Please copy exactly the line containing "To aid future" and every line after it, through the last line of the records below, leaving out all pictures.
+ + +
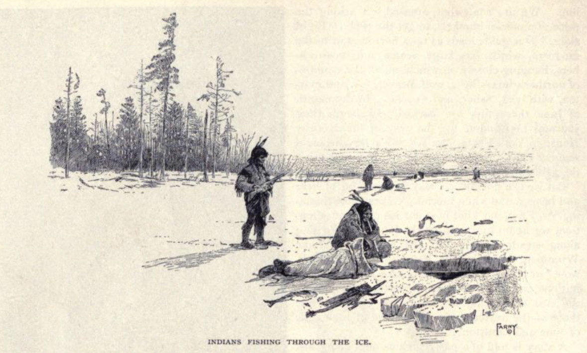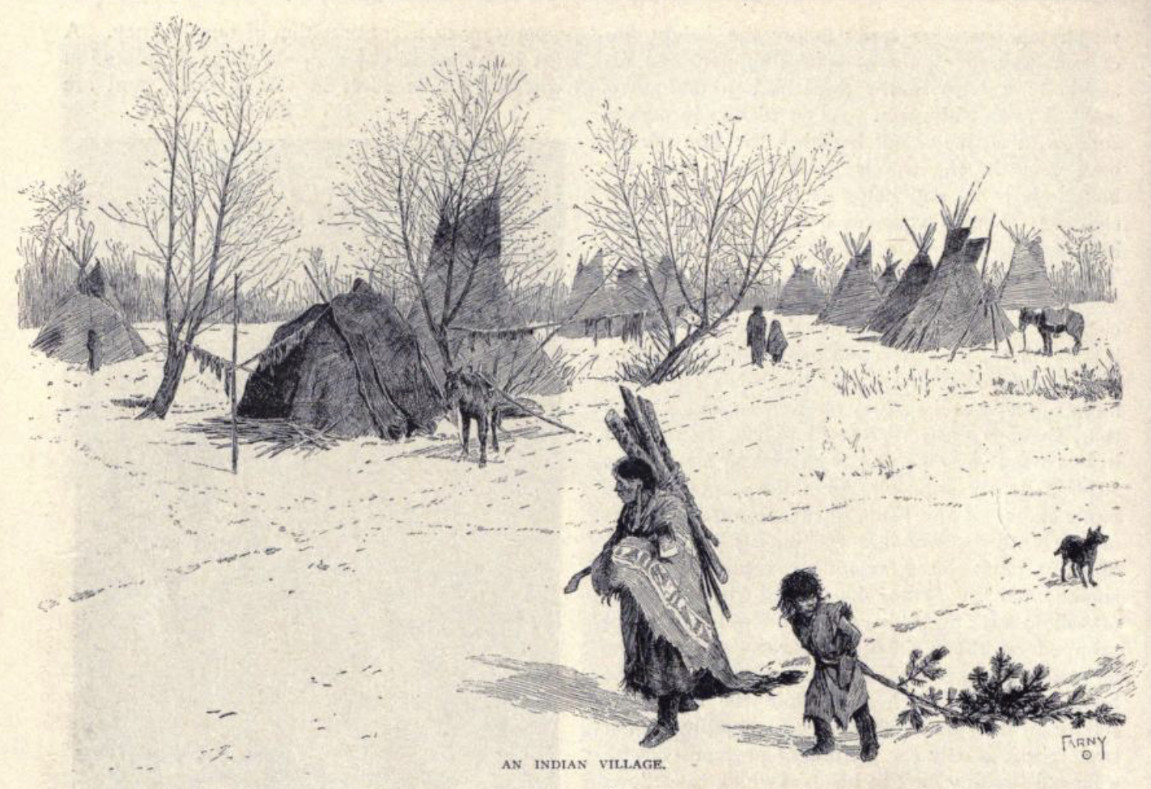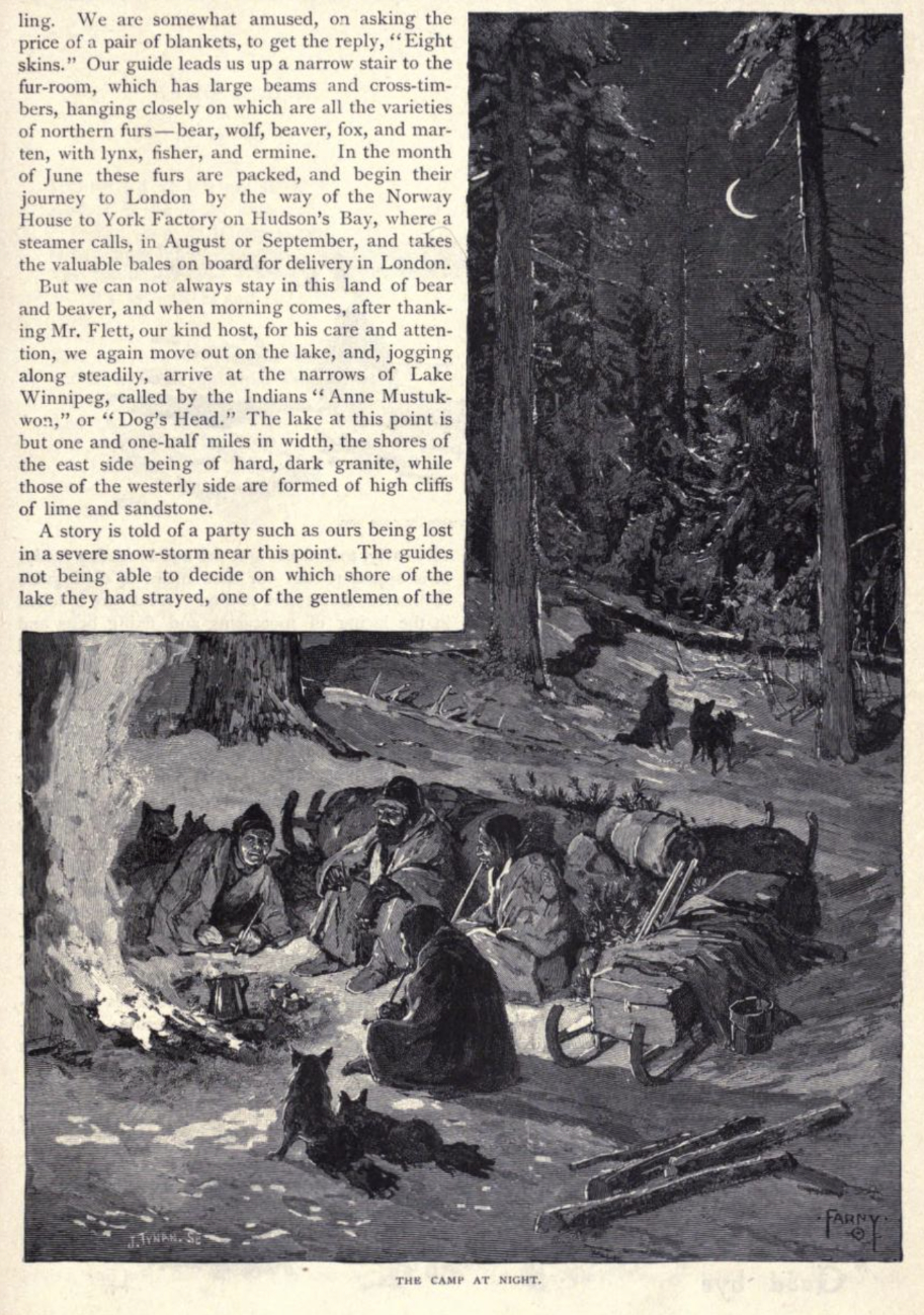 Note that two of the images appear thirteen years later in a 1895 book The Native Races of North America. The image labeled The Indian Legend of the Aurora below that appears on page 104 is relabeled War Dance in the Sky in the Native Races book. The image labeled The Camp at Night that appears on page 107 becomes Camping Out in the Snow in the North-west in the Native Races book.
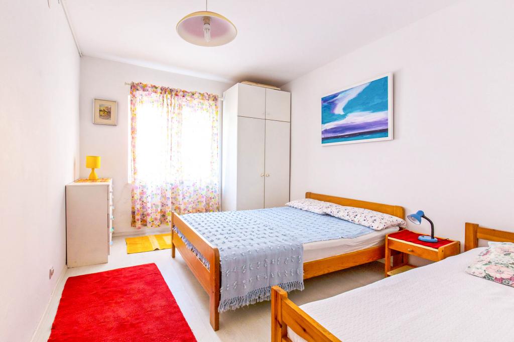 Byt se nachází v Igrane, místě mezi krásnými mořskými plážemi a svahy Biokova. Nad městem se tyčí štíhlá zvonice Panny Marie Růžencové, která dává městu krásný výhled. Byt se skládá ze dvou ložnic, obývacího pokoje, kuchyně a koupelny a velké zahrady (62 m2), do které má každý pokoj přístup. Zahrada je obohacena květinami, posezením, grilem a příjemným stínem. Byt je vybaven pro pohodlný pobyt 5 dospělých; ložní prádlo a ručníky, nádobí a příslušenství jsou k dispozici. Povrch bytu je 52 m2 a je 100 m od místní pláže, 100 m od supermarketu, pošty a turistické kanceláře. Jedno parkovací místo se nachází v blízkosti bytu. Byt je klimatizovaný a má bezdrátové připojení k internetu. Těším se na váš příjezd! Jadranka Simic
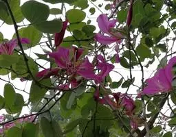 洋紫荆:落叶乔木;树皮暗褐色,近光滑;幼嫩部分常被灰色短柔毛;枝广展,硬而稍呈之字曲折,无毛。叶近…
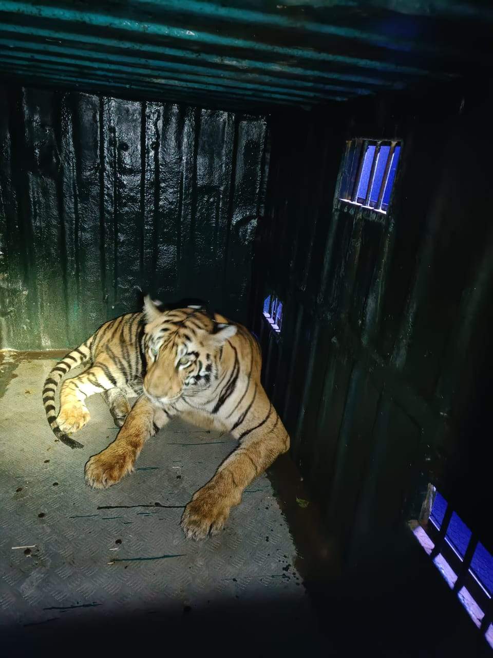 To aid future monitoring and ensure successful adaptation, she has been fitted with a VHF/GPS radio collar. The animal is being transported in a specially designed custom tiger transit crate to ensure safe movement.
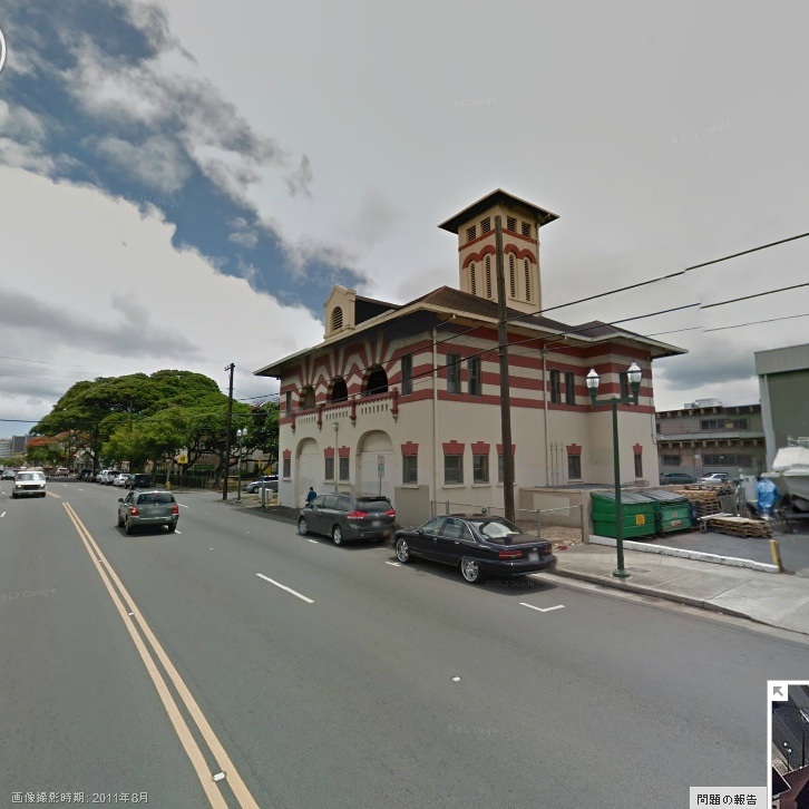 Makiki Fire Stationも1929年に建て直しちゃいましたので、現存する最古の消防署は1901年設立のPalama Fire Station。ここはKalihi Palama Areaと言ってダウンタウンから少し空港側に行ったH1周辺の地区。美味しいお店はあるようですが、観光客が足を踏み入れるエリアでは無いということですので、ストリート・ビューで探索です。
+ + +
**Response area**
 To aid future monitoring and ensure successful adaptation, she has been fitted with a VHF/GPS radio collar. The animal is being transported in a specially designed custom tiger transit crate to ensure safe movement.
 Makiki Fire Stationも1929年に建て直しちゃいましたので、現存する最古の消防署は1901年設立のPalama Fire Station。ここはKalihi Palama Areaと言ってダウンタウンから少し空港側に行ったH1周辺の地区。美味しいお店はあるようですが、観光客が足を踏み入れるエリアでは無いということですので、ストリート・ビューで探索です。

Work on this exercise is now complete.